For the second consecutive year, Autorité de régulation des télécommunications (ART) and Conseil Général des technologies de l’Information (CGTI) are jointly publishing the results of an annual survey, conducted on their behalf by CREDOC, on how information technologies (fixed and mobile telephony, computer, Internet) are used by people over 12 years of age.

The survey was conducted during face-to-face interviews in the month of June 2004, on a representative sample of the French population of 2 222 people, including 209 adolescents aged 12 to 17.

The 2004 survey confirms that information technologies continue to spread in France. As of June 2004, 56% of people in France have access to a computer either at home or at work, and 50% have used Internet. Moreover, 67% personally own a mobile telephone.

  • Telephony: mobile equipment rate accelerates and fixed phones continue to slow

One of the most notable changes this past year was the acceleration in the equipment rate for mobile telephones. Between June 2003 and June 2004, the rate rose from 62% to 67% of the population 12 years of age and over, rising 5 points; the previous year’s growth had been just 2 points.

Services accessible via mobile telephones are multiplying and becoming quickly adopted:

  • 58% of cellular telephone owners regularly send SMS
  • 29% download ring tones, logos and games
  • 18% consult voice services to obtain information such as weather forecasts, sports scores, train schedules, etc.
  • 13% send SMS+, to vote during television programmes, for example
  • 11% send MMS (images or music)
  • 8% surf on Internet using their cell phone

The number of fixed telephone subscribers continues to decline, especially among young people and those with a modest income. In June 2004, 15% of those interviewed stated they did not have a subscription to a fixed line in their home. In 2000, this figure was just 10%. We are clearly observing a substitution effect between fixed and mobile phones.

At the same time, competition is intensifying on this market: of those having a fixed line, one in four uses the services of more than one operator for certain calls. Four years ago, just one in ten did so.

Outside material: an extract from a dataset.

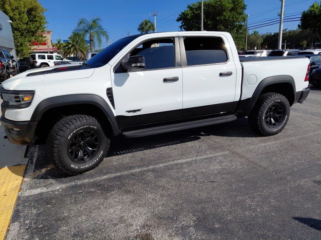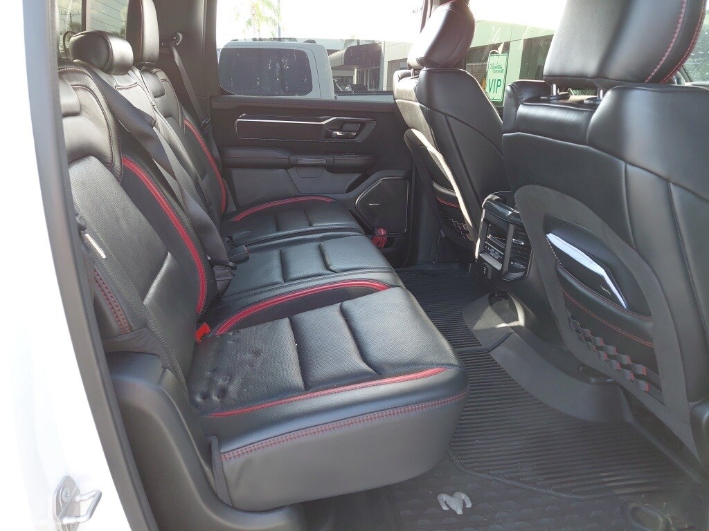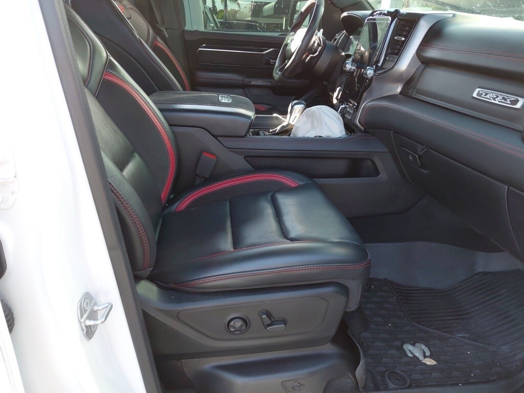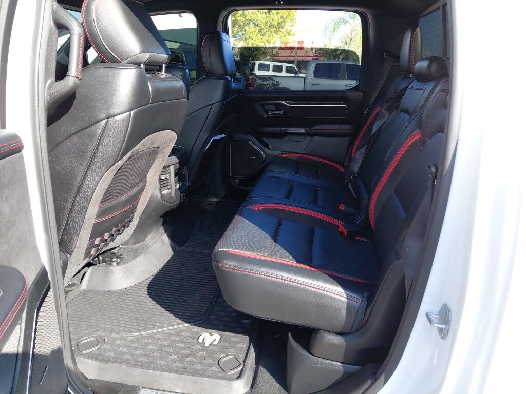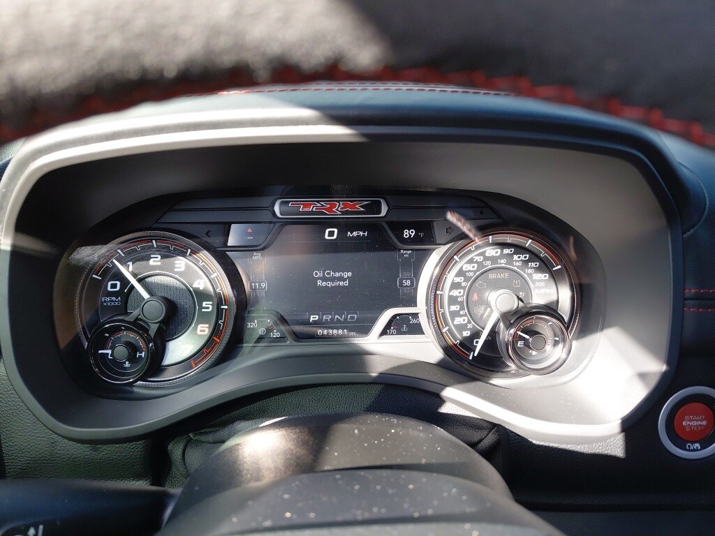 This 1500 is well equipped with Advanced Safety Group (Adaptive Cruise Control w/Stop & Go, Lane Keep Assist, and Pedestrian Emergency Braking), Quick Order Package 29Y, Technology Group (Heads-Up Display, LED CHMSL Lamp, and Rearview Autodim Digital Display Mirror), Trailer Tow Group (Trailer Brake Control, Trailer Light Check, and Trailer Tire Pressure Monitoring System), TRX Level 2 Equipment Group (4 Way Front Headrests, Blind Spot & Cross Path Detection, Body Color Door Handles, Bucket Seats, Driver Seat Memory, Driver/Passenger Wrapped Assist Handles, Exterior Mirrors w/Memory, Front Door Accent Lighting, Full Length Premium Upgraded Floor Console, Heated Front Seats, Heated Second Row Seats, Heated Steering Wheel, IP LED Ambient Light Pipe, Leather Trimmed Bucket Seats, Leather/Suede Flat-Bottom Steering Wheel, Luxury Front Door Trim Panel, ParkSense Front/Rear Park Assist w/Stop, Pick-Up Box Lighting, Power 4-Way Driver Lumbar Adjust, Power 4-Way Passenger Lumbar Adjust, Power 8-Way Driver & Passenger Seats, Power Adjustable Pedals w/Memory, Premium Wrapped IP Bezel, Radio/Driver Seat/Mirrors/Pedals Memory, Rain Sensitive Windshield Wipers, Rear 60/40 Folding Split Recline Seat, Rear Door Accent Lighting, Rear Underseat Compartment Storage, Rear Window Defroster, Remote Proximity Keyless Entry, Remote Start System, Remote Tailgate Release, Sun Visors w/Illuminated Vanity Mirrors, Surround View Camera System, Universal Garage Door Opener, Ventilated Front Seats, Ventilated Rear Seats, and Wireless Charging Pad), 10 Speakers, 3.55 Rear Axle Ratio, 4-Wheel Disc Brakes, ABS brakes, Adaptive suspension, Air Conditioning, Alloy wheels, AM/FM radio: SiriusXM with 360L, Apple CarPlay/Android Auto, Auto High-beam Headlights, Auto-dimming door mirrors, Auto-dimming Rear-View mirror, Automatic temperature control, Black Exterior Mirrors, Brake assist, Cloth/Vinyl Bucket Seats, Compass, Delay-off headlights, Dome Dual LED Reading Lamp, Driver door bin, Dual front impact airbags, Dual front side impact airbags, Dual-Pane Panoramic Sunroof, Electronic Stability Control, Emergency communication system: SiriusXM Guardian, Exterior Mirrors Courtesy Lamps, Exterior Mirrors w/Heating Element, Exterior Mirrors w/Supplemental Signals, Front anti-roll bar, Front Bucket Seats, Front Center Armrest w/Storage, Front dual zone A/C, Front fog lights, Front License Plate Bracket, Front reading lights, Front wheel independent suspension, Fully automatic headlights, harman/kardon 19 Speaker Premium Sound, Heated door mirrors, Illuminated entry, Leather Shift Knob, Leather steering wheel, Low tire pressure warning, Manufacturer's Statement of Origin, MOPAR Rambar, MOPAR TRX Exterior Graphics, MOPAR TRX Hood Graphics, Navigation System/ GPS, Occupant sensing airbag, Outside temperature display, Overhead airbag, Overhead console, Panic alarm, ParkView Rear Back-Up Camera, Passenger door bin, Passenger vanity mirror, Power door mirrors, Power driver seat, Power steering, Power windows, Power-Folding Mirrors, Radio data system, Radio: Uconnect 12 w/Navigation, Rear seat center armrest, Rear step bumper, Remote keyless entry, Security system, Speed control, Split folding rear seat, Sport steering wheel, Steering wheel mounted audio controls, Tachometer, Telescoping steering wheel, Tilt steering wheel, Traction control, Trailer Reverse Steering Control, Trip computer, TRX Red Interior Accents, Turn signal indicator mirrors, Variably intermittent wipers, Voltmeter, and Wheels: 18" x 9" Black Paint/Polish Aluminum.

  • Personal computer: half the population has one at home

Today, 53% of the French population has a personal computer. This percentage has risen five points in one year. Of these people, the vast majority effectively use it (87%) and 45% use their computer on a daily basis.

Fifty-six percent of people regularly use a computer outside their home. 83% of 12-17 year olds, 62% of students and 48% having a job use a computer at work or school.

In the workplace, the rate of effective use is somewhat variable: most people with a computer at work use it on a regular basis. There is a clear difference between upper management, of whom 79% use a computer at work, and labourers, with 18%. Among teens, just 4% have access to a computer at school every day, and 42% once or twice a week.

We continue to observe a significant disparity in the use of computers among the generations: 95% of 12-17 year olds use a computer, compared with just 22% of 60-69 year olds, and 5% of those over the age of 70. The difference in the equipment rate at home based on income is shrinking.

  • Internet: geographic disparities for broadband

In general, 56% of the population over the age of 12 has access to Internet, a 7 point increase over last year. In June 2004 :

  • 36% of the French population had an Internet connection at home (5 points more than in 2003). More than half (55%) have high speed.
  • 32% have access to Internet at work or school (+5 points)
  • 17% have already connected from public places such as Internet cafés (+1 point)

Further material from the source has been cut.